# Systematic Investment Final Project
### 2019 NYU Stern Spring Semester
## Stock Price Prediction Using Navie Bayes Model


#### Principal Investigators: Ruijie (Cherry) Cai (rc3470),  Zhiyu Chen (zc987)) <br> Email: ruijiu.cai@stern.nyu.edu, zhiyu.chen@stern.nyu.edu


# Data Cleaning

**Overview:** The data behind our project comes from [“Tushare”](https://tushare.pro/), which is a Chinese financial data platforms for stocks, funds, futures, bonds, foreign exchange, industry big data, and block-chain data. As mentioned above, their [historical daily stock price](https://tushare.pro/document/2?doc_id=27) provides access to all the data we need.

**Important Variables:** The key series that we must retrieve are as follows which are defined as:

- **Close Price**
It is the final price at which a security is traded on a given trading day. The closing price represents the most up-to-date valuation of a security until trading commences again on the next trading day.

- **Trading Volumn**
In capital markets, volume, or trading volume, is the amount of a security that was traded during a given period of time. In the context of a single stock trading on a stock exchange, the volume is commonly reported as the number of shares that changed hands during a given day. 

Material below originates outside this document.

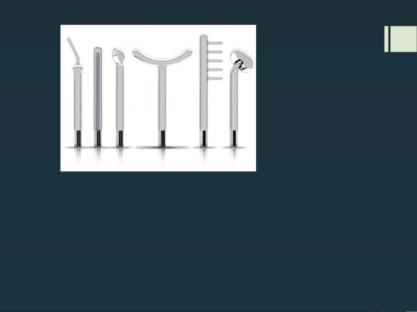 Alta Frequência Prof. Esp. Debora Y. I. Garcia Introdução Técnica que utiliza correntes alternadas de elevada tensão e baixa intensidade em que os gases argón, chenon ou neon, em contato com o oxigênio do ar transformam-se em ozônio. (oliveira e Perez, 2008) Introdução É um aparelho emissor de “faíscas” eletromagnéticas por meio de eletrodos monopolares emissores confeccionados em vidro em uma base metálica. Introdução Os parâmetros de frequência e tensão pode variar de acordo com o fabricante. A corrente ao atravessar o eletrodo adquire diferentes tonalidades de acordo com o conteúdo do mesmo, no caso do vácuo á corrente adquire uma luminescência azulada e na presença do gás neon alaranjada Mecanismo de ação O uso do aparelho de alta frequência na superfície da pele provoca a formação de ozônio O3 e este por ser uma substância instável se decompõe em oxigênio molecular O2 e em oxigênio atômico O. O2 + Faíscamento = O3 Ação É oxigenante, melhora a oxigenação tissular (da pele). É estimulante, pois há aumento da circulação sanguínea. Homeostático, (cauteriza e cicatriza) – estancando o sangramento. Reduz a resistência elétrica da pele. Ação Efeito térmico Vasodilatador Bactericida Bacteriostática Fungicida Anti-inflamatório Oxigenante Efeito térmico O seu principal efeito é a produção de calor e como consequência o aumento da vasodilatação periférica local. Segundo Miedes, 1999 o efeito térmico é obtido inversamente proporcional à superfície do eletrodo. Cuidado!!! O uso incorreto de alta frequência pode causar queimaduras! Apesar de parecer inofensivo, por se tratar de uma corrente alternada, ou seja, ora positivo, ora negativo, e onda eletromagnética, as oscilações de polos positivo e negativo são muito rápidas, transformando a energia eletromagnética em calor. Os eletrodos com menor superfície (ex. Fulgurador), concentram mais em um ponto os efeitos térmicos do aparelho de alta frequência, podendo causar queimaduras. Vasodilatador Através do estímulo da circulação periférica, causando o efeito hiperemiante (vermelhidão). Assim como no efeito térmico, a hiperemia também só ocorre com uso de intensidade alta por um tempo maior de aplicação, portanto esse efeito não é verificado. Bactericida e Bacteriostática Bactericida: elimina bactérias anaeróbias. Bacteriostática: diminui a proliferação de bactérias aeróbias. O ozônio possui ação muito oxidante e, portanto, é um bom bactericida, germicida e antiséptico em geral Antiinflamatório e fungicida Fungicida: eliminação de fungos. Antiinflamatório: utilizado nos processos de reparo tecidual pois é comum nesses casos a presença de germes e bactérias que acabam por dificultar a resolução do processo inflamátorio. Indicações A maioria das indicações tem como base a ação bactericida do gerador de alta frequência. Desinfecção após limpeza de pele Desinfecção do couro cabeludo em casos de seborréia (ação fungicida) Hidratação e revitalização facial Indicações Pós depilação: foliculite pois é causada normalmente pela presença de bactérias oportunistas que estão na pele e penetram no poro após extração; Solução de continuidade da pele: úlceras ou feridas abertas Psoríase: fechamento das lesões Tratamento de Peticulose Afecções ungueais Eletrodos Eletrodos Saturador (tem uma “mola” dentro): utilizado no faiscamento indireto é o único indicado para ser utilizado com cosméticos, pois aumenta a vascularização da pele. Eletrodos Standart (cebolinha ou colher): usa-se em faiscamento direto ou fluxação. Esférico (cebolão): seu formato anatômico facilita a passagem, usado em fluxação ou faiscamento direto. Eletrodos Forquilha: utilizado no pescoço, mamas e braços em faiscamento direto ou fluxação. Eletrodos Fulgurador ou cauterizador: usado para tratamento de pele acneica com faiscamento direto. Eletrodos Rolo é utilizado com o método de aplicação direto/efluviação. Recomendado para peles com rosácea e hiperêmicas ou lesões pápulo-pustulosas que não podem ser esvaziadas Eletrodos o eletrodo Pente faz estímulo dos vasos capilares, irrigando a raiz e os bulbos do cabelo. Além disso, o uso da Alta Frequência em tratamentos capilares auxilia na prevenção da queda de cabelos. Eletrodos Eletrodo cachimbo ou rabo de baleia indicado para tratamento ungueal Técnicas de aplicação Direta, fluxação ou efluviação Faíscamento direto Indireto ou saturação Fulguração A junção entre o eletrodo e o ponta do eletrodo não deve tocar a pele da cliente, nem ser tocado pela esteticista, pois há a possibilidade de um choque elétrico muito forte Fluxação Direta Fluxação ou Efluviação: usa-se essa técnica com passagem lenta e por igual dos eletrodos, geralmente eletrodos com superfície plana, em contato direto sobre a pele. Pode-se utilizar o auxílio de uma gaze para o melhor deslizamento do eletrodo. Esta forma de aplicação promove efeito descongestivo e calmante, diminuindo a hiperemia (vermelhidão). Fluxação Direta Esta técnica é indicada nos casos de: pós depilação, tratamentos capilares com o eletrodo pente, pós limpeza de pele onde necessita-se da ação bactericida, fungicida e bacteriostática do ozônio. Mais comum eletrodo standart Fluxação Direta Faíscamento Faiscamento direto: Aplica-se com o eletrodo um pouco afastado da pele provocando faíscas, nesse método de aplicação ocorre a formação de Ozônio. Esta técnica é indicada nos casos de: pós depilação, tratamentos capilares com o eletrodo pente, pós limpeza de pele como bactericida e fungicida. Faíscamento Saturação o cliente segura o eletrodo saturador em uma das mãos e a bobina na outra, (retirar objetos de metal que o cliente esteja usando) o profissional atua na pele deste cliente realizando tamborilamento ou pinçamento. Essa técnica permite tonificar e estimular as ter

**Access**: We will install and launch the [Tushare library](https://tushare.pro/document/1?doc_id=7) to download and access the data. Below We demonstrate that We have the ability to access the data.

In [62]:
import tushare as ts                   # A Chinese financial data platform. Install this model to get access to the stock price
import pandas as pd                    # data package
import matplotlib.pyplot as plt        # graphics module  
import datetime as dt                  # date and time module
import numpy as np                     # foundation for pandas 

In [63]:
#in order to get access to the financial data in Tushare, we need to apply for an account and get this token

ts.set_token("2b8517650616c498e2621ed18ea7217731b6e09879a8fa917156f0b2")

pro = ts.pro_api()

data = pro.stock_basic(exchange='', list_status='L', fields='ts_code,symbol,name,area,industry,list_date').set_index("list_date")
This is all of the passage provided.